Its vaccines are designed to train a patient’s own immune cells to produce specific antibodies, also known as endobodies, that will target natural proteins that have started to behave abnormally and resulting in chronic diseases.
Preclinical studies have shown that UB-312-induced antibodies preferentially bind to disease-related forms of alpha-synuclein, prevent their aggregation, and even promote their disaggregation. This inhibition occurred while preserving motor function, body weight, and survival in mouse models of alpha-synuclein-mediated disease.
The potential therapeutic activity of UB-312 also was successfully assessed in brain tissue samples collected post-mortem from patients with Parkinson’s disease, dementia with Lewy bodies, and multiple system atrophy.
“Aggregated alpha-synuclein plays a prominent role in multiple disorders of cognition, movement and autonomic function. The ability of UB-312 antisera to target toxic alpha-synuclein species in several disorders will allow us to address multiple neurodegenerative conditions including Parkinson’s disease,” said Ajay Verma, MD, PhD, chief medical officer of UNS.
The company already has initiated an observational study to establish a biomarker to determine UB-312’s potential in a trial-ready group of Parkinson’s patients in the United Kingdom. It also is planning to launch a Phase 1 trial in The Netherlands to explore the clinical activity of UB-312 by 2019.

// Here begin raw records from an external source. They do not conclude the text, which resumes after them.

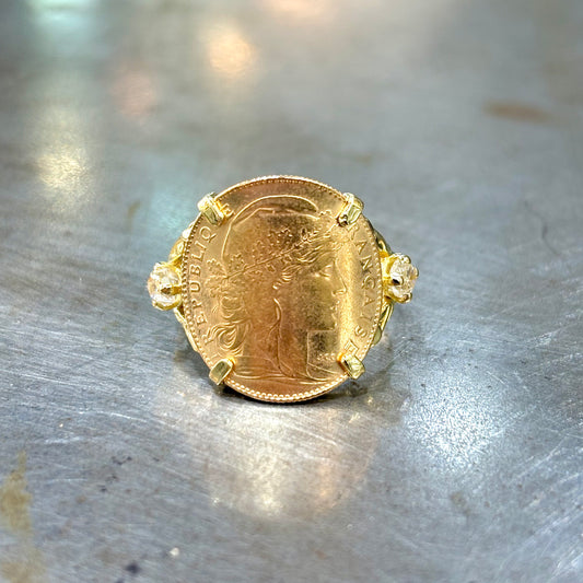 Bague Vintage Art Déco - Or Jaune 750 & Diamants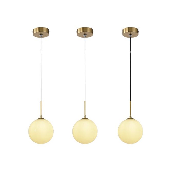 3 Pendente Dourado Globo Vidro Branco Ø12cm Cabeceira Zan14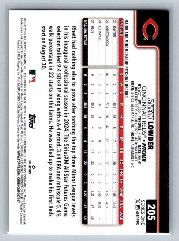 You are purchasing a 2025 Topps Series 1 Rhett Lowder #205 Rookie Cincinnati Reds. You will receive the exact item in the photographs. Thank you for looking.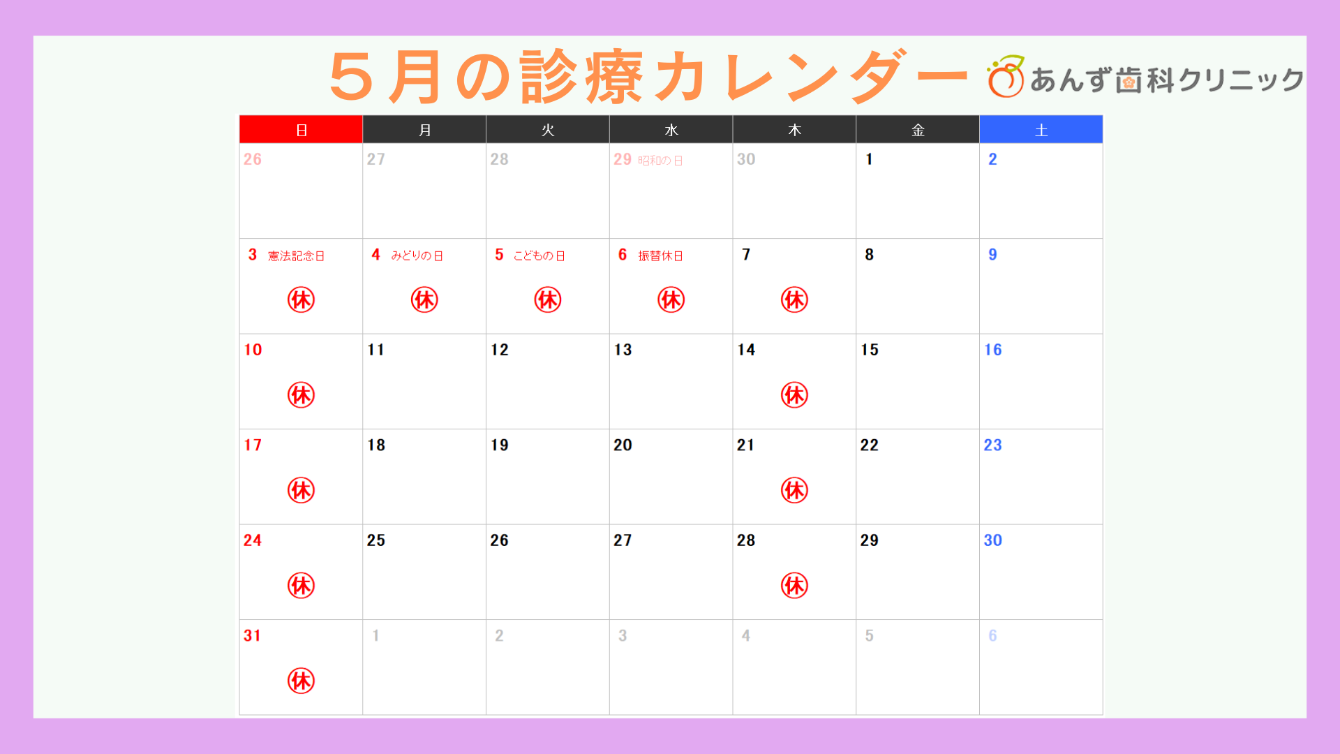 4月、5月の診療日、休診日について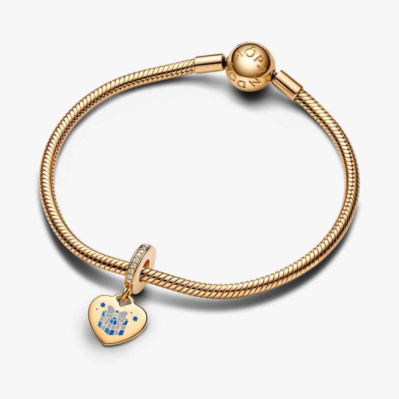 Crafted with love in 14k gold-plating, a beautiful blue Hanukkah gift box sits at the center of this heart-shaped pendant set with a row of pav?? along the bail, adding an extra touch of sparkle to the season of love and ,light. Believe in the magic, the power, the feeling of love. Wear your holiday joy. Be love.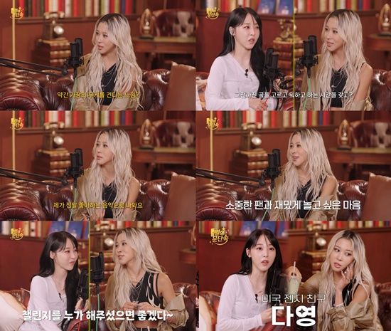 최근 다영은 유튜브 채널 '문별이다 moonbyul2da'의 콘텐츠 '별의 문단속'에 게스트로 출연했다. 이날 다영은 MC인 마마무 문별과 다양한 이야기를 나누며 솔로 데뷔 준비에 한창이었던 근황을 전했다.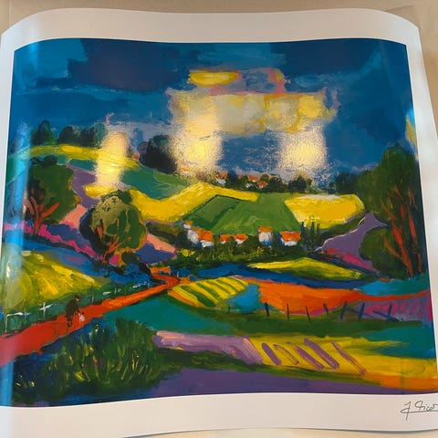 Dette praktfulle litografiet er EA merket (artistens eksemplar) og har naturligvis veldig klare og sterke farger. Litografiet har aldri vært eksponert for sollys og selges med glass og ramme. Bildets mål (uten ramme) er: 48 cm x 38 cm.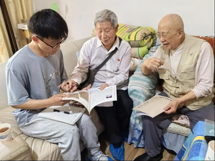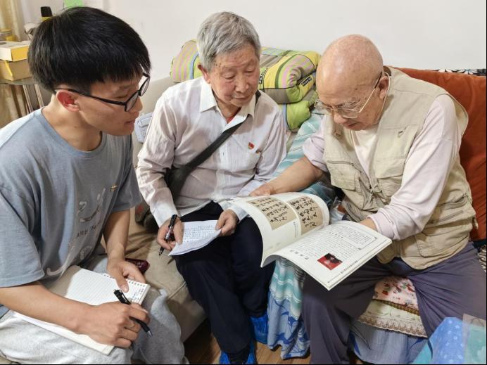 最后,滕久军老师补充道,在重要的历史关头,总会有热血青年挺身而出,一往无前。他们创造这和平盛世,让我们能够安享剩下的岁月,当今时代需要年轻一代的党员担起这个时代赋予的重任。每一位老兵都是一段鲜活历史,每段讲述都是一份红色记忆。他和战友们是战争时代的见证者,是我们美好生活的奠基者,没有他们当年的流血牺牲和无私奉献,就没有我们今天的幸福生活,身处和平年代的我们,应该铭记他们的付出,把他们的精神传承到每一代的青年党员中。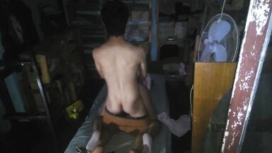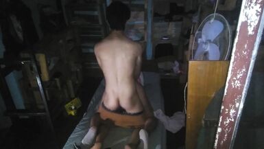 My girlfriend rides with her striped costume betwixt drawers of clothing and mattress on the floor when my parents leave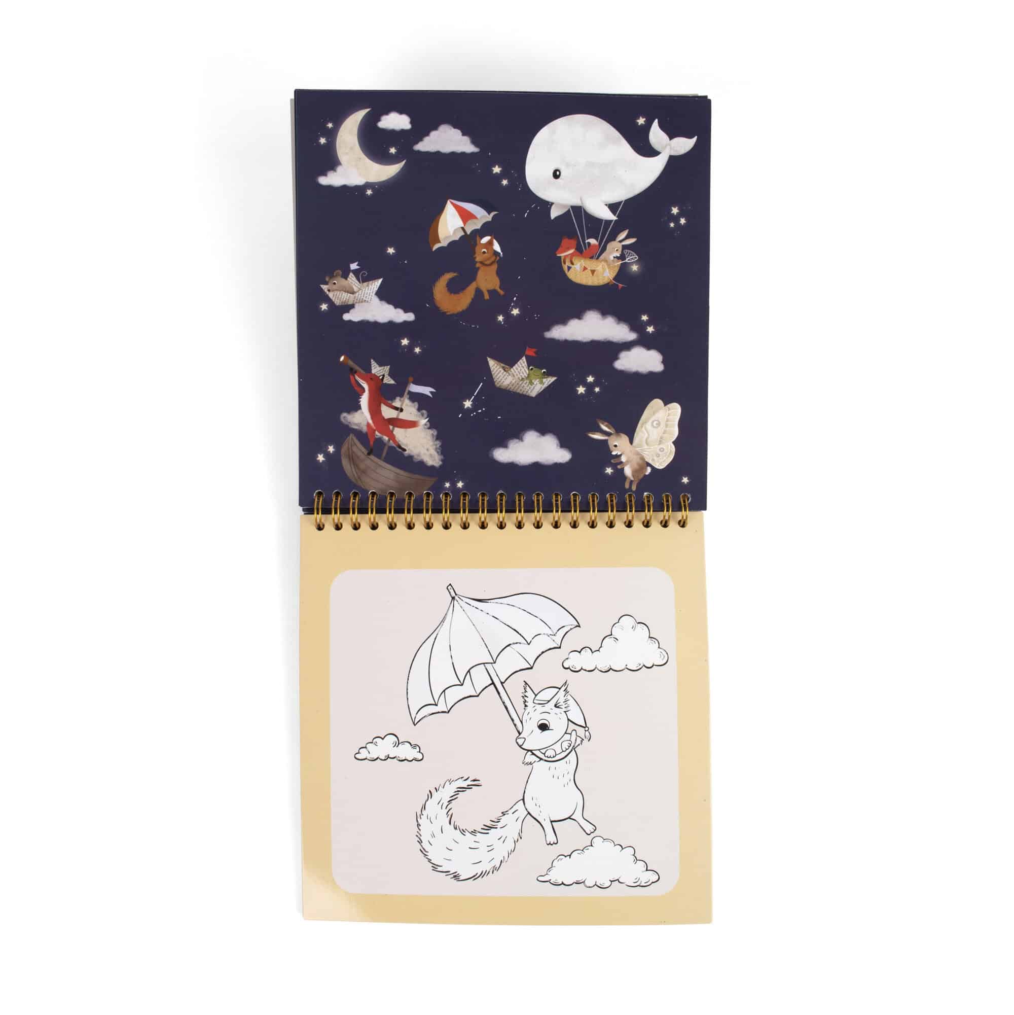 Každá stránka obsahuje kúzelné ilustrácie z kolekcie Dreamy Adventurers – rozprávkové zvieratká, žiarivé hviezdy a snové balóniky vo svetle hviezd, ktoré pozývajú deti tvoriť, objavovať a snívať.

“Expansion of UNS’ proprietary ‘Endobody’ vaccine technology platform to other targets affirms our goal of becoming a global leader in neurodegenerative disorders and asserts our vision of democratizing brain health,” said Mei Mei Hu, UNS’ CEO.
UNS’ lead vaccine candidate UB-311, which was developed to target amyloid-beta protein aggregates, is currently in clinical development in an ongoing Phase 2 trial (NCT02551809) in patients with mild Alzheimer’s disease.